-- DIRECTIONS --
The full listing, word for word and free of images, is the expected result.

-- DATASET SECTION --
=== Begin Enclosure ===

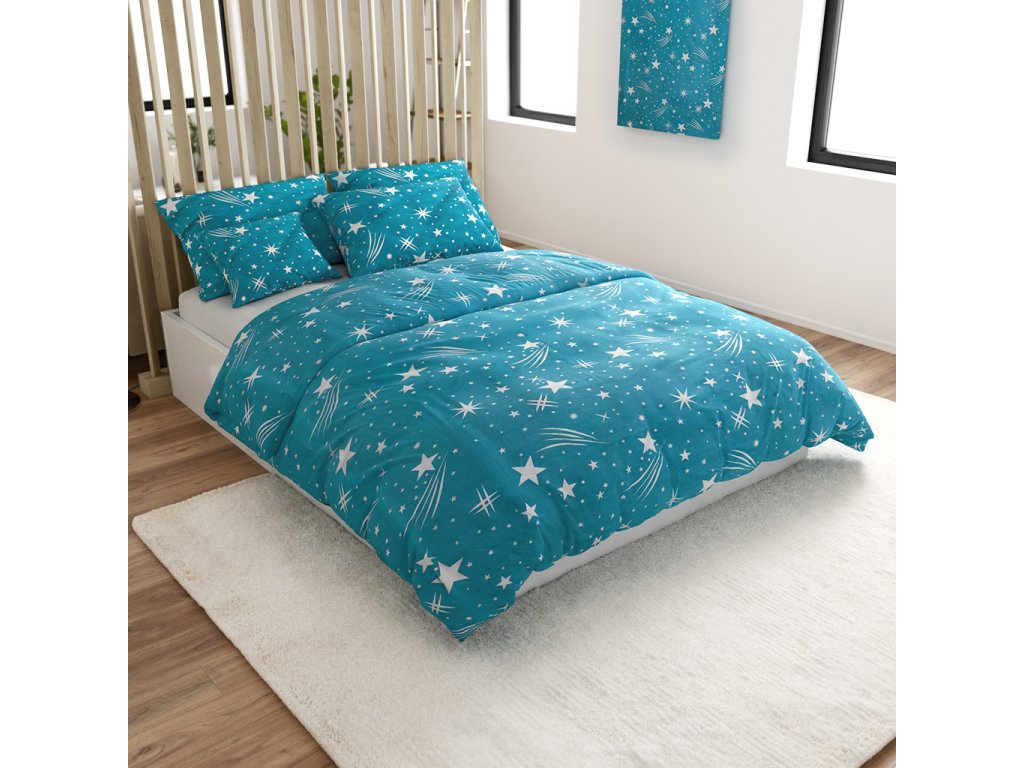 Flanelowa pościel NIGHT SKY turkusowa
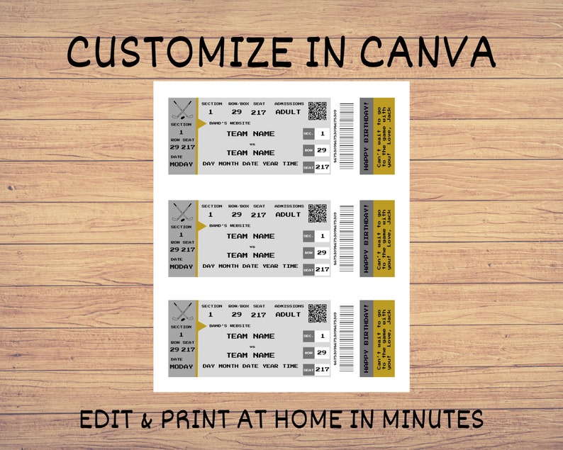 Printable Hockey Ticket EDITABLE Hockey Game Ticket Template / LA
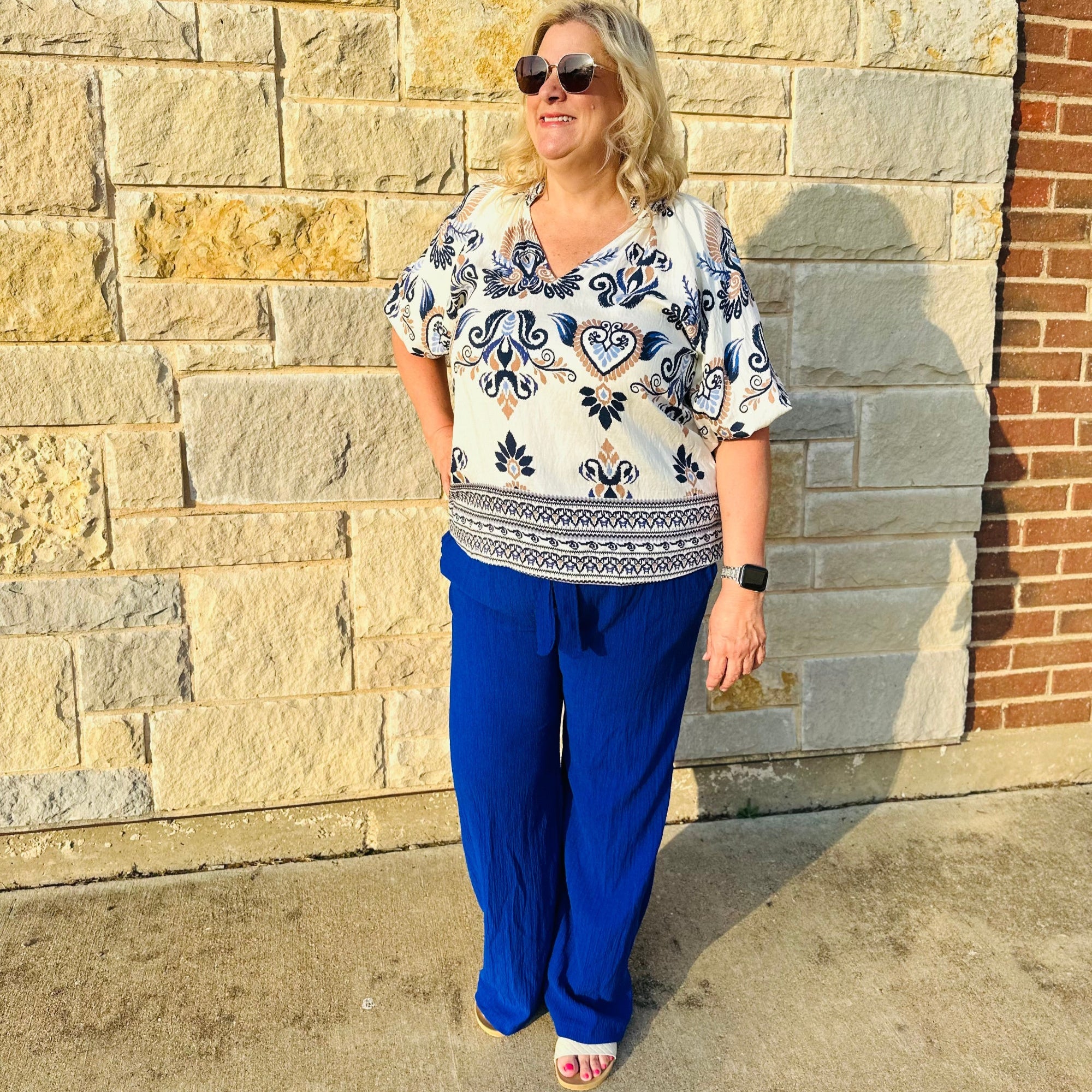This luxurious blouse boasts a unique two-tone border print and delicate bubble sleeves, creating a sophisticated and exclusive look. The v-slit neck and scalloped edges add to the overall elegance. The lined sleeves provide comfort without sacrificing style. A must-have for any fashion-forward wardrobe.

=== End Enclosure ===

-- OUTPUT BELOW --
 Flanelowa pościel NIGHT SKY turkusowa
 Printable Hockey Ticket EDITABLE Hockey Game Ticket Template / LA
This luxurious blouse boasts a unique two-tone border print and delicate bubble sleeves, creating a sophisticated and exclusive look. The v-slit neck and scalloped edges add to the overall elegance. The lined sleeves provide comfort without sacrificing style. A must-have for any fashion-forward wardrobe.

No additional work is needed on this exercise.